EXPLORING FAULT INJECTION ATTACKS ON SEGMENTATION DNN MODELS

Researcher(s)

  • Saravanakrishnan Balamurugan, Electrical Engineering, National Institute of Technology,Tiruchirappalli, India

Faculty Mentor(s)

  • Chengmo Yang, Electrical and Computer Engineering, University of Delaware

Abstract

Deep Neural Networks (DNNs) have become a cornerstone in image segmentation tasks across various domains, including autonomous driving, medical imaging, and remote sensing. Meanwhile, concerns about the robustness and security of these models have emerged. This study explores fault injection attacks on segmentation DNN models to understand their vulnerabilities and potential impacts.
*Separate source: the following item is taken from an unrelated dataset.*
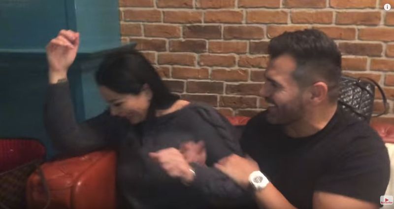 Iar cum Brigitte tot încerca să se îndepărteze de Florin Pastramă, deși era încolțită, acesta a prins-o de braț pentru ca vedeta TV să nu poată să se miște de lângă el. ”Terminați, că va crede lumea”, spunea, la un moment dat, încercând să își păstreze zâmbetul pe buze, dar evident disperată, Brigitte Sfăt.
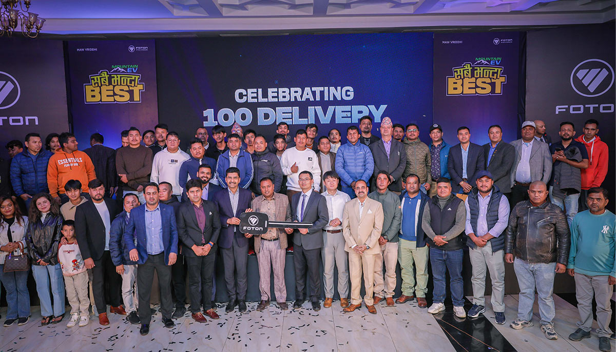 Foton Nepal has launched the Mountain EV, an electric passenger van suited for our terrain, priced at Rs 57.49 lakh for the 15-seater version and Rs 58.99 Lakh for the 14-seater version. During the launch, the company also delivered the first 100 units of the vehicle.

In this research, the effects of fault injection attacks on FPN segmentation models have been identified and analyzed. Specifically, clock glitches were applied at various offsets to identify the most affected classes of the image. For a deeper analysis, the number of glitches and their widths were varied, and the resulting changes in output have been observed. Different evaluation metrics, such as Intersection over Union (IoU) and pixel difference, were used to compare the fault-free and faulty images.

It has been observed that attacking offsets at the beginning to about 70% of inference time can affect different classes of the image, while glitches injected at offsets near the end of inference time affect specific columns of pixels. The findings demonstrate a linear relationship between the offset and the affected pixel column regions, enabling a more controllable attack of these columns through a derived equation. A high number of glitches affects more columns of pixels, which presents significant risks in applications such as autonomous driving.